Ese personaje singular nació en San Lázaro,
hizo los estudios de bachillerato en el Colegio Nacional
de Primavera Categoría de Trujillo, y a fines del
siglo pasado llegó a Valera donde fijó su
residencia.
Culto, educado, servicial, amable, desde su llegada se
conquistó la estimación general y desde
entonces ocupó en esta sociedad el lugar que le
correspondía por sus merecimientos personales y
el brillo de su inteligencia.
Pompeyo Oliva estableció un negocio mixto de librería
y taller de tipografía denominado "Centro
Industrial". En él se conseguía toda
clase de libros de texto, obras de carácter científico
o literario, papelería y útiles de oficina,
y el taller adquirió fama por la nitidez y el buen
gusto con que se ejecutaban los trabajos. En ese taller
imprimió "El Correo de Valera", periódico
ilustrado, la revista literaria "Cosmos", fundada
el 01 de septiembre de 1904; el semanario del "Centro
Industrial" fundado el 01 de septiembre de 1907 que
circuló hasta mayo de 1912.
En 1917 funda "La Cordillera" y "Propaganda",
en 1926 "Semanario", en 1928 "Nueva Era",
publicaciones que en 33 años de labores periodísticas
fundó y dirigió y a través de la
cuales realizó labor de cultura ampliamente provechosa
para esta colectividad, ya que su pluma la puso siempre
al servicio de todos, ideal levantado y generoso.

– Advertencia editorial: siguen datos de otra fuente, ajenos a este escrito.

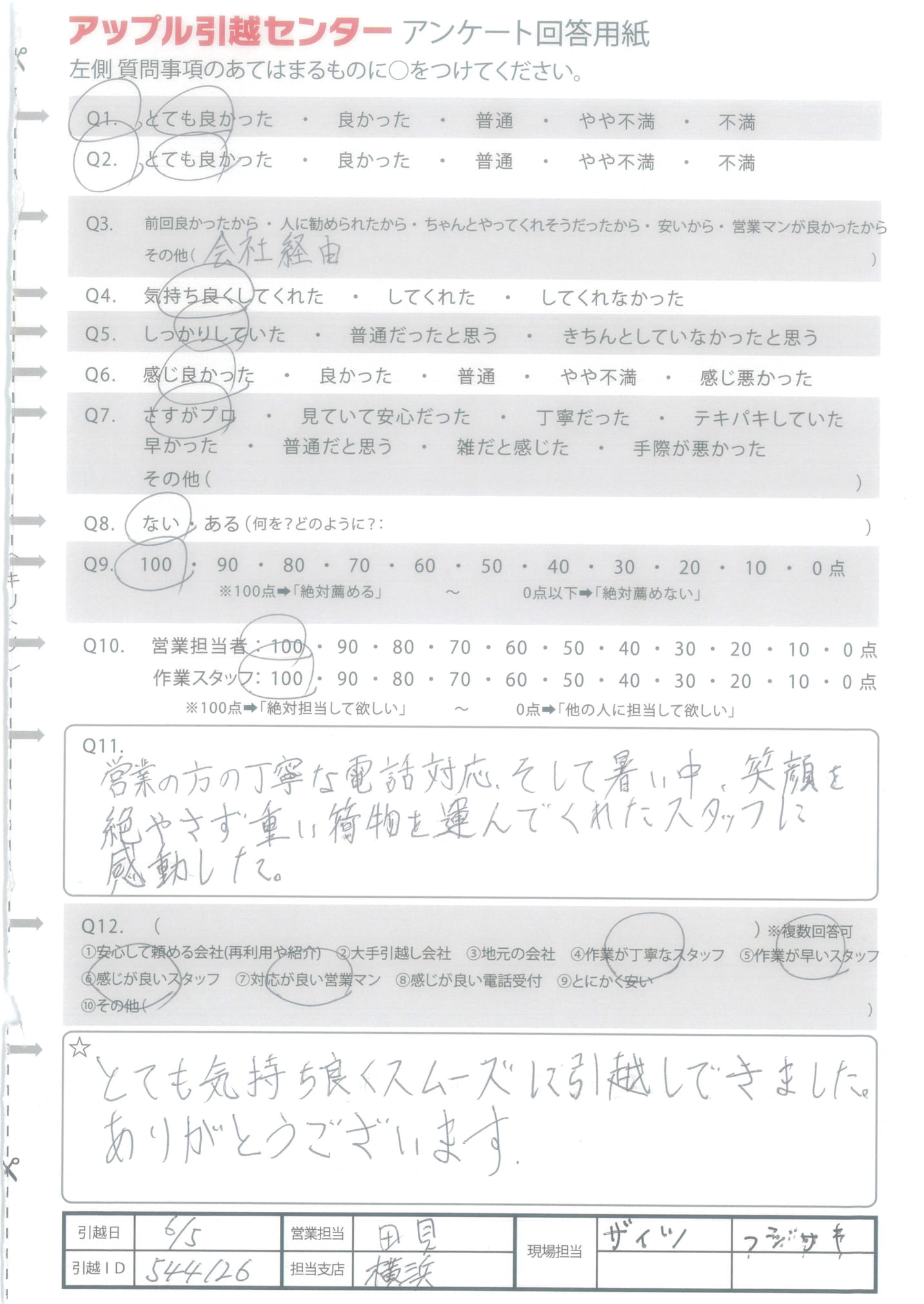 アップル引越センターでは、面映いお褒めの言葉も、胸に突き刺さるお叱りのコメントも、

Don Pompeyo que era el tratamiento que le daban sus amigos,
consideró siempre a la juventud como la depositaria
de su fe en el porvenir de la patria, y por eso comprensivo,
a los jóvenes, de manera paternal daba oportunas
indicaciones y sanos consejos.
El reseñado fue útil en extremo, figuró
en asociaciones de carácter cívico y benéficas,
actuó como edil en varias ocasiones, ejerció
la subdirección del recordado Colegio Vargas, hizo
el trazado de la antigua Plaza Bolívar, levantó
los planos del Hospital "N. S. de la Paz" y
el edificio del colegio "Santo Tomás de Aquino"
y es el autor del Escudo del estado Trujillo.

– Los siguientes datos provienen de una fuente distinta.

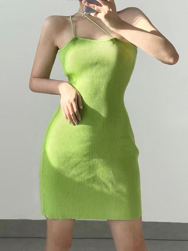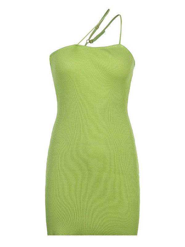 Description: This dress made from soft knit fabric. shaped to a bodycon fit. features adjustable slant shoulder straps design.

Fueron muchas las actividades desplegadas por este honorable
periodista, en 1902 fue presidente del Concejo Municipal
de Valera, el nombre de Pompeyo Oliva, se halla unido
de manera vigorosa a la vida de esa progresista región,
sencillo y humilde, fue un trabajador incansable en la
obra de sumar a la Ciudad de las Siete Colinas al movimiento
cultural de la patria.
Una larga y modesta enfermedad lo llevó a la tumba
el 8 de marzo de 1933 y al año siguiente con motivo
del primer aniversario de su fallecimiento, el periódico
local "El Anunciador", que circulaba para entonces,
en conmovida ofrenda le dedicó una edición
especial, y en la semblanza que él trazara, entre
otros conceptos dijo lo siguiente: "Fue un valerano
decidido, leal. En este clima no supo de lo circunstancial
ni de lo relativo. Era íntegro, con desinterés
puso a contribuciones todas sus fuerzas para lograr el
adelanto material e intelectual de esta tierra que mucho
amó y le es deudora de señalados beneficios,
pues, en la prensa, en la cátedra, como edil o
como ciudadano, confortaba con la palabra al espíritu
público cuando la situación se empeñaba
con tonalidades sombrías, se esforzaba por intensificar
la instrucción, a objeto de estimular y elevar
el nivel espiritual; dejaba oír su voz censuradora,
condenatoria, cuando advertía en los impartidores
de justicia la aplicación de la leyes con criterio
abusivo; y cuando veía al pueblo ofendido en su
ética, tocaba los resortes íntimos de su
sensibilidad hasta hacerla vibrar de ira".
Pompeyo A. Oliva, fue uno de los hombres más útiles,
más probos que esta colectividad haya contado en
su seno. Pasó por la vida sin hacer daño
a nadie, conjugó bien los verbos servir, orientar,
modelar, sembrar.
Información
suministrada del libro "Anales de Valera", de
La Riva Vale Alberto.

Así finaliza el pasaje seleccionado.